_Work to complete_
Could you please write out each line of the records exactly, minus the pictures?

Records contained in a dataset
= Beginning of Section =

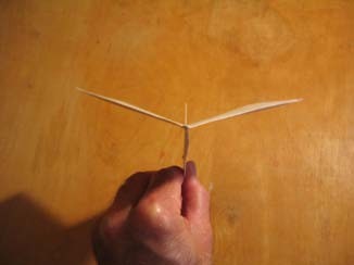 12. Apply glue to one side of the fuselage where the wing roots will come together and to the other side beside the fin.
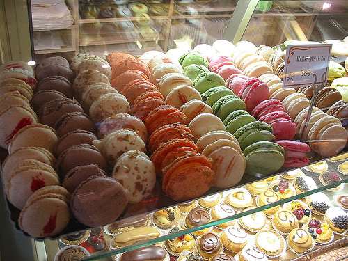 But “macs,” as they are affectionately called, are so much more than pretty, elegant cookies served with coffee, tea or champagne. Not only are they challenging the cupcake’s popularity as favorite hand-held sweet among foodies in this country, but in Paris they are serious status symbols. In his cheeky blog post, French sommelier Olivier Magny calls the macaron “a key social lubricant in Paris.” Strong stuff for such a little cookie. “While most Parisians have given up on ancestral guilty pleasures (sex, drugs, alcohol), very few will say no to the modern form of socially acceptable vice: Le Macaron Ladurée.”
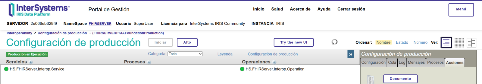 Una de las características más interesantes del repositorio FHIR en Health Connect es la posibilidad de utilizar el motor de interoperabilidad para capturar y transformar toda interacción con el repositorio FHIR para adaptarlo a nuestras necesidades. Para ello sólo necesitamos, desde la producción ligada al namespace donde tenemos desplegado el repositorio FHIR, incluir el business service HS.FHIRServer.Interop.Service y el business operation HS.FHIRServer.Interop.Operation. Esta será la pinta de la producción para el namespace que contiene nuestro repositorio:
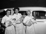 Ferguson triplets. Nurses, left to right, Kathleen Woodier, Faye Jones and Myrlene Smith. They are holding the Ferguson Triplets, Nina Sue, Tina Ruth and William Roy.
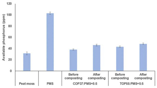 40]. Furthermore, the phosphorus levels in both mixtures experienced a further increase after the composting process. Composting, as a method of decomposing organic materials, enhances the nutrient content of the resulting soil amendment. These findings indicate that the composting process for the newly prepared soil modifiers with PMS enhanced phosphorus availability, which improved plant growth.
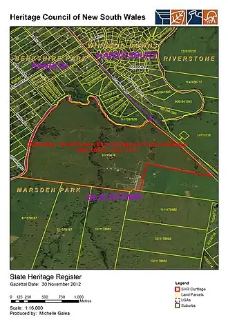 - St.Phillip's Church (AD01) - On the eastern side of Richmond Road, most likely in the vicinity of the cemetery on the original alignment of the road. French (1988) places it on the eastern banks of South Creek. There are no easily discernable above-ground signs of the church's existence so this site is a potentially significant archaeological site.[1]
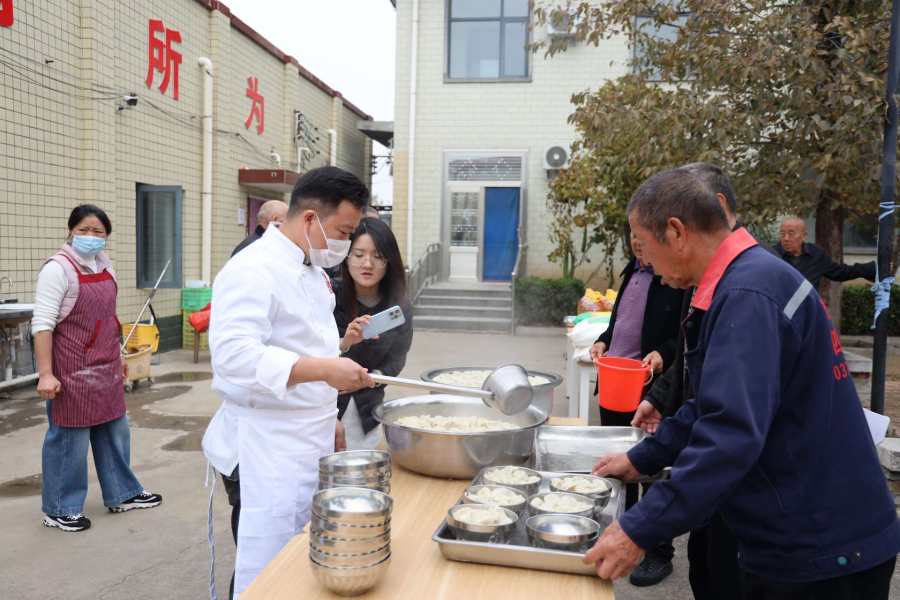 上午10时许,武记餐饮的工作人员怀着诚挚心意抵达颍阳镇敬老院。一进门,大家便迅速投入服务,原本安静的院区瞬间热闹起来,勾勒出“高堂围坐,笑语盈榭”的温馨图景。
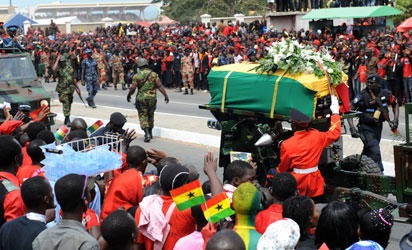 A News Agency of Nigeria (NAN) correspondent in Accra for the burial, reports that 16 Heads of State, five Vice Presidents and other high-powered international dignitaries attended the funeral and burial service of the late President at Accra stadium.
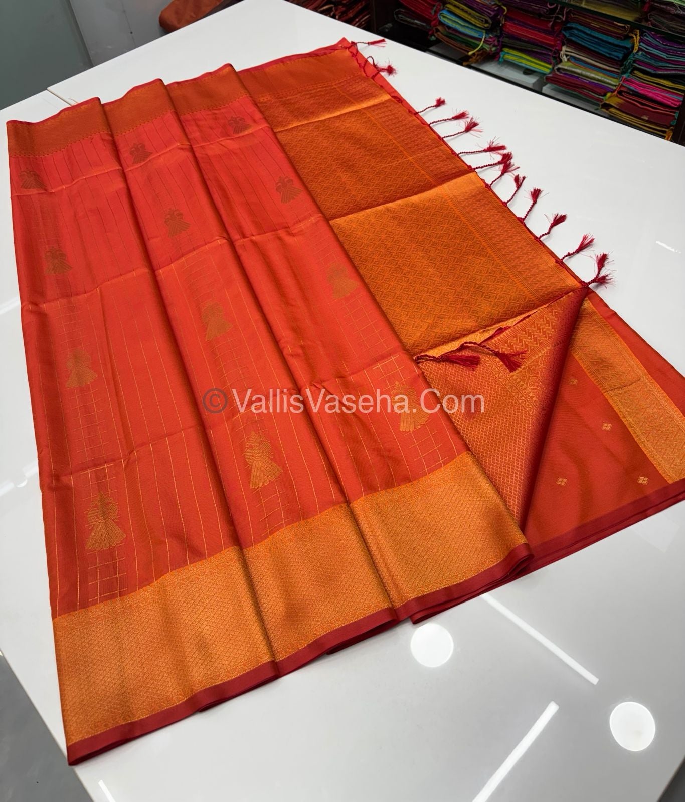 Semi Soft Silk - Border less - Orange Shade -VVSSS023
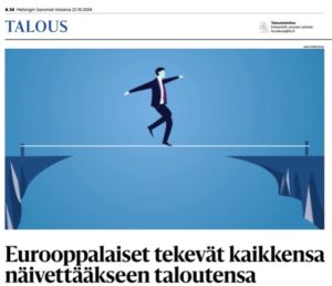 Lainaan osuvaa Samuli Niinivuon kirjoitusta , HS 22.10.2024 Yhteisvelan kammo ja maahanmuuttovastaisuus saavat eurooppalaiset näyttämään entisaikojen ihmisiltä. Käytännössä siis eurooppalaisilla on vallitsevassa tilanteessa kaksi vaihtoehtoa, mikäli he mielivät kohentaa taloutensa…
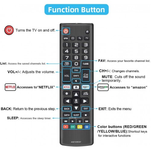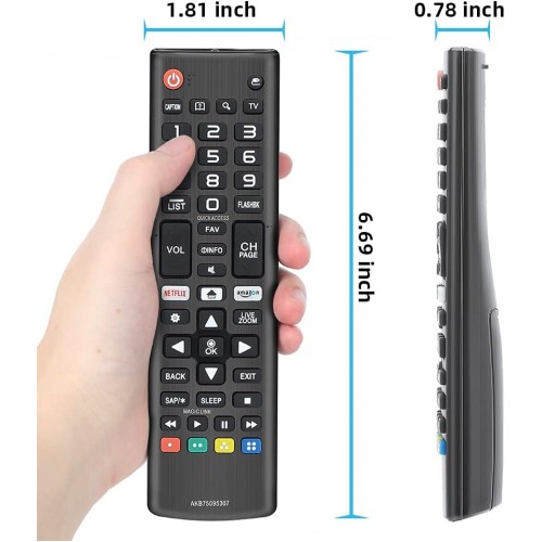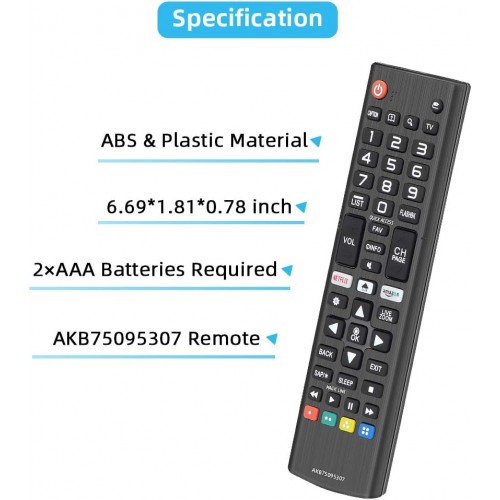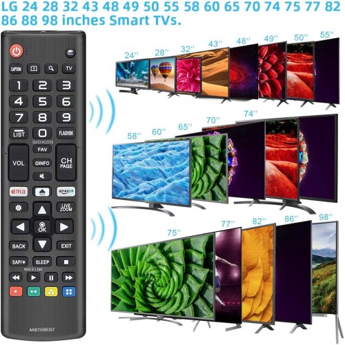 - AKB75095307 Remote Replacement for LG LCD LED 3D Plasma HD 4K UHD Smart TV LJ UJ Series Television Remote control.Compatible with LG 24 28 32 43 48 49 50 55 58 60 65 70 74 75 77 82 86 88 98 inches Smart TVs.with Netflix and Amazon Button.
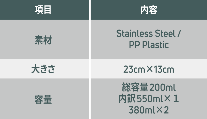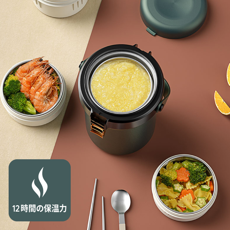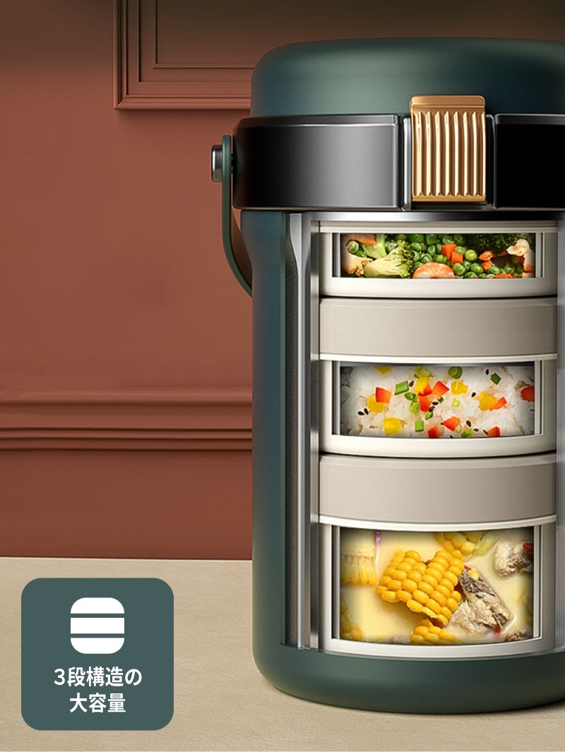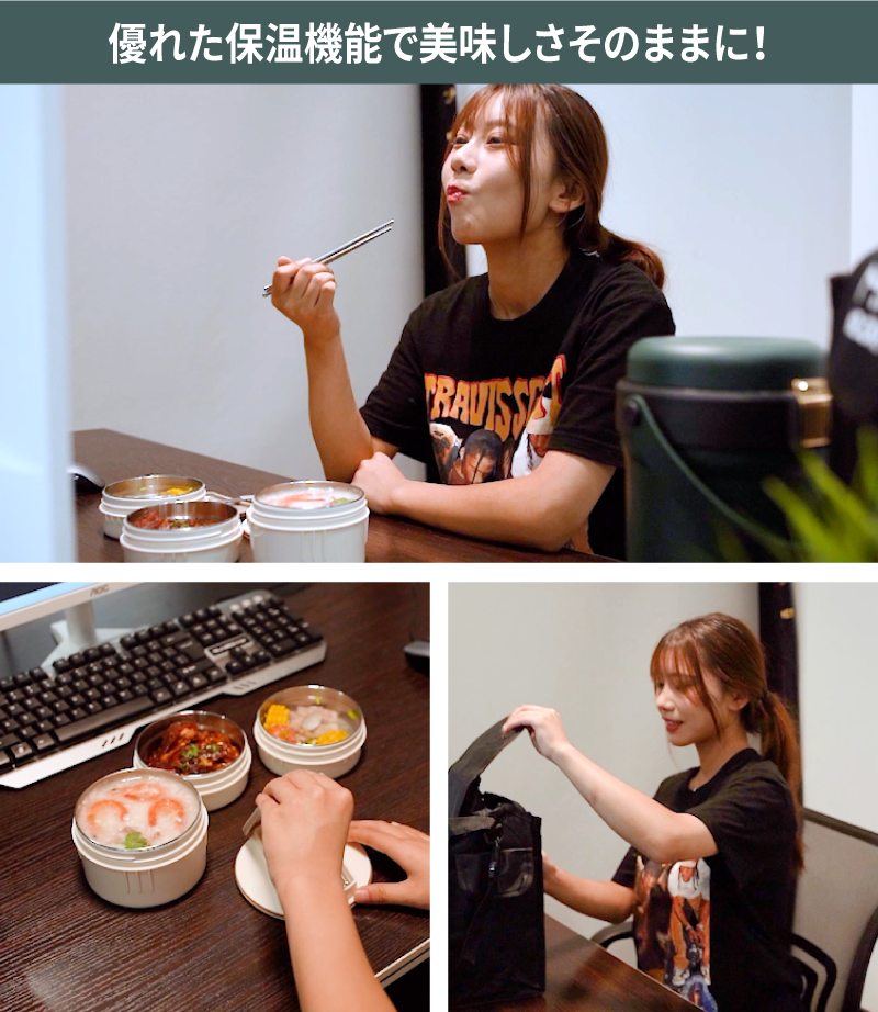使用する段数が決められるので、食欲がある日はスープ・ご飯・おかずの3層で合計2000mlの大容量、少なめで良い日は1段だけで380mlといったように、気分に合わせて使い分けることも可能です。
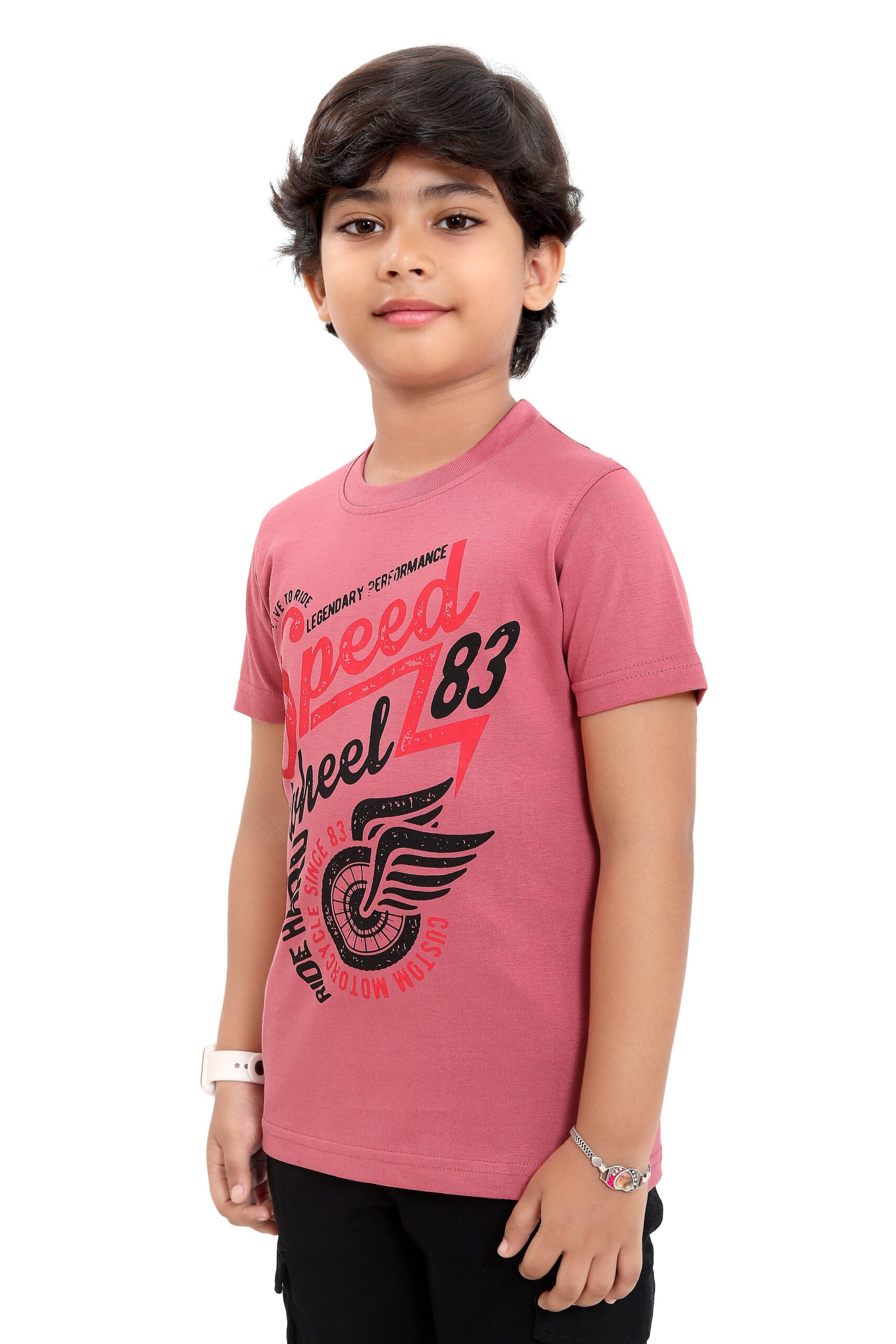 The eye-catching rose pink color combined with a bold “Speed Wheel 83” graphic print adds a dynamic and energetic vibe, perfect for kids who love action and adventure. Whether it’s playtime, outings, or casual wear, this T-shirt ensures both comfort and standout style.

= End of Section =

_Your solution_
 12. Apply glue to one side of the fuselage where the wing roots will come together and to the other side beside the fin.
 But “macs,” as they are affectionately called, are so much more than pretty, elegant cookies served with coffee, tea or champagne. Not only are they challenging the cupcake’s popularity as favorite hand-held sweet among foodies in this country, but in Paris they are serious status symbols. In his cheeky blog post, French sommelier Olivier Magny calls the macaron “a key social lubricant in Paris.” Strong stuff for such a little cookie. “While most Parisians have given up on ancestral guilty pleasures (sex, drugs, alcohol), very few will say no to the modern form of socially acceptable vice: Le Macaron Ladurée.”
 Una de las características más interesantes del repositorio FHIR en Health Connect es la posibilidad de utilizar el motor de interoperabilidad para capturar y transformar toda interacción con el repositorio FHIR para adaptarlo a nuestras necesidades. Para ello sólo necesitamos, desde la producción ligada al namespace donde tenemos desplegado el repositorio FHIR, incluir el business service HS.FHIRServer.Interop.Service y el business operation HS.FHIRServer.Interop.Operation. Esta será la pinta de la producción para el namespace que contiene nuestro repositorio:
 Ferguson triplets. Nurses, left to right, Kathleen Woodier, Faye Jones and Myrlene Smith. They are holding the Ferguson Triplets, Nina Sue, Tina Ruth and William Roy.
 40]. Furthermore, the phosphorus levels in both mixtures experienced a further increase after the composting process. Composting, as a method of decomposing organic materials, enhances the nutrient content of the resulting soil amendment. These findings indicate that the composting process for the newly prepared soil modifiers with PMS enhanced phosphorus availability, which improved plant growth.
 - St.Phillip's Church (AD01) - On the eastern side of Richmond Road, most likely in the vicinity of the cemetery on the original alignment of the road. French (1988) places it on the eastern banks of South Creek. There are no easily discernable above-ground signs of the church's existence so this site is a potentially significant archaeological site.[1]
 上午10时许,武记餐饮的工作人员怀着诚挚心意抵达颍阳镇敬老院。一进门,大家便迅速投入服务,原本安静的院区瞬间热闹起来,勾勒出“高堂围坐,笑语盈榭”的温馨图景。
 A News Agency of Nigeria (NAN) correspondent in Accra for the burial, reports that 16 Heads of State, five Vice Presidents and other high-powered international dignitaries attended the funeral and burial service of the late President at Accra stadium.
 Semi Soft Silk - Border less - Orange Shade -VVSSS023
 Lainaan osuvaa Samuli Niinivuon kirjoitusta , HS 22.10.2024 Yhteisvelan kammo ja maahanmuuttovastaisuus saavat eurooppalaiset näyttämään entisaikojen ihmisiltä. Käytännössä siis eurooppalaisilla on vallitsevassa tilanteessa kaksi vaihtoehtoa, mikäli he mielivät kohentaa taloutensa…
 - AKB75095307 Remote Replacement for LG LCD LED 3D Plasma HD 4K UHD Smart TV LJ UJ Series Television Remote control.Compatible with LG 24 28 32 43 48 49 50 55 58 60 65 70 74 75 77 82 86 88 98 inches Smart TVs.with Netflix and Amazon Button.
使用する段数が決められるので、食欲がある日はスープ・ご飯・おかずの3層で合計2000mlの大容量、少なめで良い日は1段だけで380mlといったように、気分に合わせて使い分けることも可能です。
 The eye-catching rose pink color combined with a bold “Speed Wheel 83” graphic print adds a dynamic and energetic vibe, perfect for kids who love action and adventure. Whether it’s playtime, outings, or casual wear, this T-shirt ensures both comfort and standout style.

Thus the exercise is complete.